*Exercise goal:* The stretch wanted below opens at the line containing "Blue Gingham First Birthday Drink Coaster" and closes at the line containing "提升乱舞等级所需的刀剑男士的数量,取决于刀剑男士「极」化前的稀有度。". Please return it exactly, with no other lines.

*Material provided:*
* * * * * * *

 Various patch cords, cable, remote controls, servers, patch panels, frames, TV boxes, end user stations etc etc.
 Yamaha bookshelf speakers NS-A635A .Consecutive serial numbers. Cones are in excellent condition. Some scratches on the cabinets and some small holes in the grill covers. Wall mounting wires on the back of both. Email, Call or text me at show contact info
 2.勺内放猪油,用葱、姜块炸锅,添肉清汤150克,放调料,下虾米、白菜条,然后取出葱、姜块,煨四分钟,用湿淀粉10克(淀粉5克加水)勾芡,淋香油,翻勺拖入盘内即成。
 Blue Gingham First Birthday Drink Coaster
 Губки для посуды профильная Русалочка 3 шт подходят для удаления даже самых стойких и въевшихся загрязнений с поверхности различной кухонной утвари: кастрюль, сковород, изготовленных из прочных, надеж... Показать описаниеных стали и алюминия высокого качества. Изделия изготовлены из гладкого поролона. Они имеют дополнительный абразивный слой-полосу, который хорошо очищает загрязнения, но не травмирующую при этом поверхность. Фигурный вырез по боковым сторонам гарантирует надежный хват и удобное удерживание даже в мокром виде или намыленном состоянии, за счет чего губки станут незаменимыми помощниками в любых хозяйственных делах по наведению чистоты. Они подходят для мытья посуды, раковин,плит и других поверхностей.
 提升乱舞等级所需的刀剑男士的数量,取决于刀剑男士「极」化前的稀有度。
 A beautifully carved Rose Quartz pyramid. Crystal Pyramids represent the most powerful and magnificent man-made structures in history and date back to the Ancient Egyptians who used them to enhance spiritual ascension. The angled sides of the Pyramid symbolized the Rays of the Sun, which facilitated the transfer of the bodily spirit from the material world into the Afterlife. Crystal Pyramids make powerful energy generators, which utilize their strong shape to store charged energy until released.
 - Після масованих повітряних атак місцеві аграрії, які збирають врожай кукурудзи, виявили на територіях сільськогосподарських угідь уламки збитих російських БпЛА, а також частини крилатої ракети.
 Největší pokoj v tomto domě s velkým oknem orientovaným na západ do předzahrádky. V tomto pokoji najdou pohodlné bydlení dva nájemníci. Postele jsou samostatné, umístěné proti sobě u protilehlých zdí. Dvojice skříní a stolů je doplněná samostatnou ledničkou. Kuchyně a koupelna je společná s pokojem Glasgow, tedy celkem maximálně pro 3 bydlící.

* * * * * * *

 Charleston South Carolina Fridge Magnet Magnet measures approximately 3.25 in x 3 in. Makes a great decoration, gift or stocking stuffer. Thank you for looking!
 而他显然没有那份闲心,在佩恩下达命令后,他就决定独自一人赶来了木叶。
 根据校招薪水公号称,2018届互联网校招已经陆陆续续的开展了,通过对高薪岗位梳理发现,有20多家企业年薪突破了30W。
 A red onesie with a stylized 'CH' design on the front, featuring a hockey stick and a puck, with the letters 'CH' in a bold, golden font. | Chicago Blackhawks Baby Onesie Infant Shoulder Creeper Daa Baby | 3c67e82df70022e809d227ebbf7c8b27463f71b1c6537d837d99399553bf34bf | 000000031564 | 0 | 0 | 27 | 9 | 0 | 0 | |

* * * * * * *

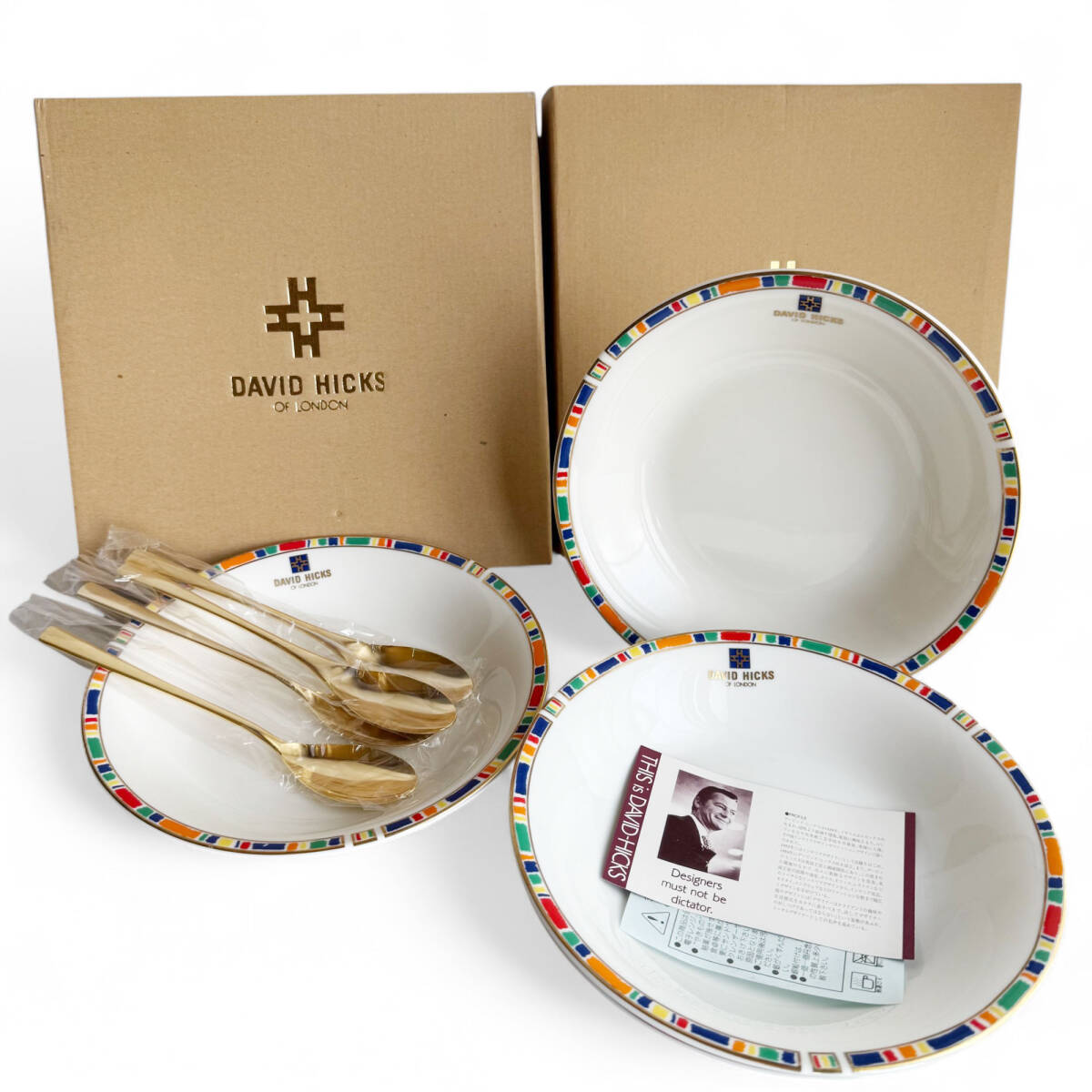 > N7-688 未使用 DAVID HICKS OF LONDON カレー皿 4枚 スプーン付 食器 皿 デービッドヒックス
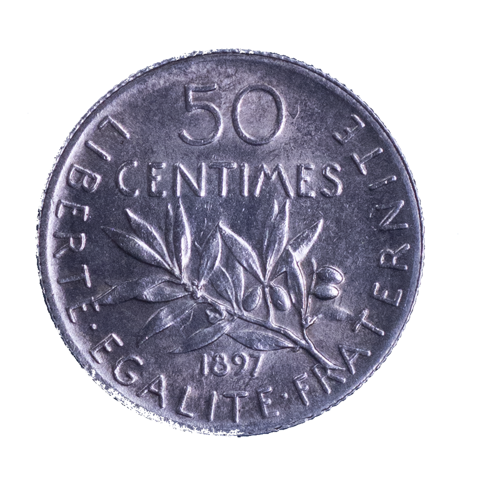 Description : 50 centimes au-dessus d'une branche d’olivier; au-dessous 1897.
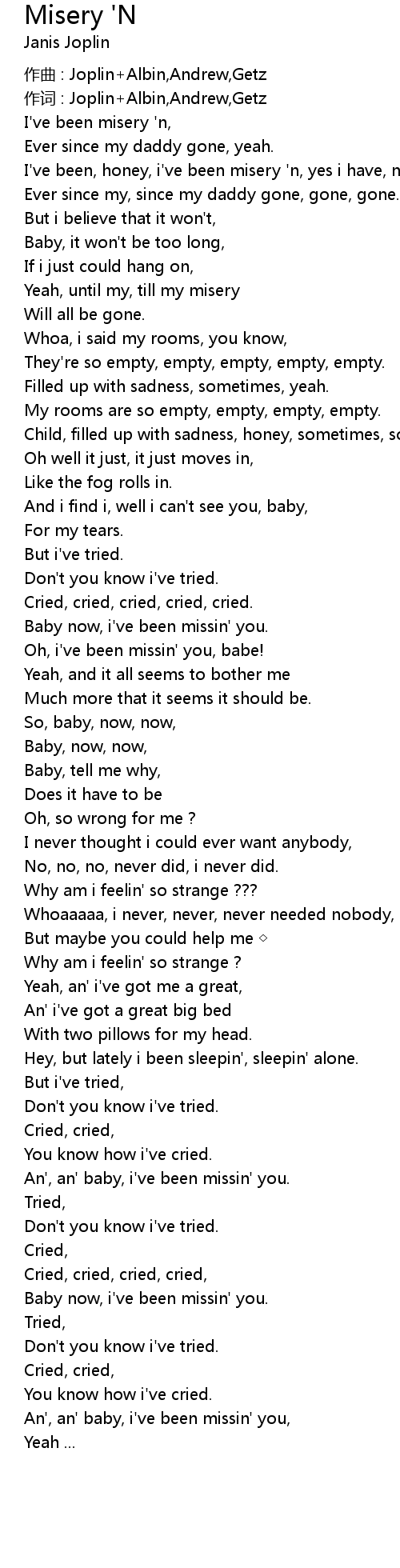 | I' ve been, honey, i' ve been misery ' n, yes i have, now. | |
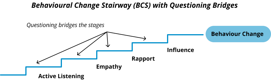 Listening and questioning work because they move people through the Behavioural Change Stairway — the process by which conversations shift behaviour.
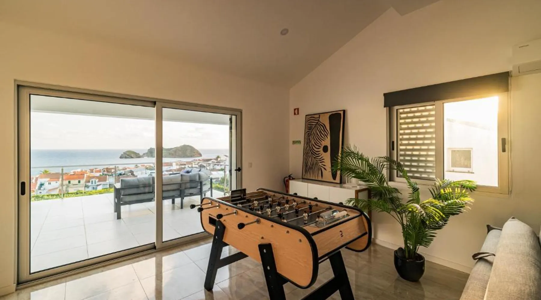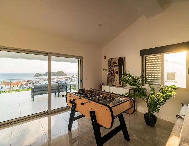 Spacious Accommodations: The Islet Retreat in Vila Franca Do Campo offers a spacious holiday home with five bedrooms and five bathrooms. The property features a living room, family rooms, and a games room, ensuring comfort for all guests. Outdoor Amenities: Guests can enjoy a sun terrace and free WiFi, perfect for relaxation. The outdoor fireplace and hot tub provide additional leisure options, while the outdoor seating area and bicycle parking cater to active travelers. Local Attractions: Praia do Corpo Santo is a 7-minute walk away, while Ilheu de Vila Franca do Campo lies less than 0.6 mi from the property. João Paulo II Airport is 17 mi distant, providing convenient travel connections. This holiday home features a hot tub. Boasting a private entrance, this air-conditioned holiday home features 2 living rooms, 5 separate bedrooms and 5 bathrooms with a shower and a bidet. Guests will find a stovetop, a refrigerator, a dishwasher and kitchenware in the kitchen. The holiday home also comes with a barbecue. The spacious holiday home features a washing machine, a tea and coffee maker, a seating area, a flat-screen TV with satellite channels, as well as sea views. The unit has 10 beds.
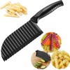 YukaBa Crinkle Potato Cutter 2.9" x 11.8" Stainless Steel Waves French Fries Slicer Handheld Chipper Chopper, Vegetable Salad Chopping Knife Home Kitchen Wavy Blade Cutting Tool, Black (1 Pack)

* * * * * * *

*Expected answer:*
 Blue Gingham First Birthday Drink Coaster
 Губки для посуды профильная Русалочка 3 шт подходят для удаления даже самых стойких и въевшихся загрязнений с поверхности различной кухонной утвари: кастрюль, сковород, изготовленных из прочных, надеж... Показать описаниеных стали и алюминия высокого качества. Изделия изготовлены из гладкого поролона. Они имеют дополнительный абразивный слой-полосу, который хорошо очищает загрязнения, но не травмирующую при этом поверхность. Фигурный вырез по боковым сторонам гарантирует надежный хват и удобное удерживание даже в мокром виде или намыленном состоянии, за счет чего губки станут незаменимыми помощниками в любых хозяйственных делах по наведению чистоты. Они подходят для мытья посуды, раковин,плит и других поверхностей.
 提升乱舞等级所需的刀剑男士的数量,取决于刀剑男士「极」化前的稀有度。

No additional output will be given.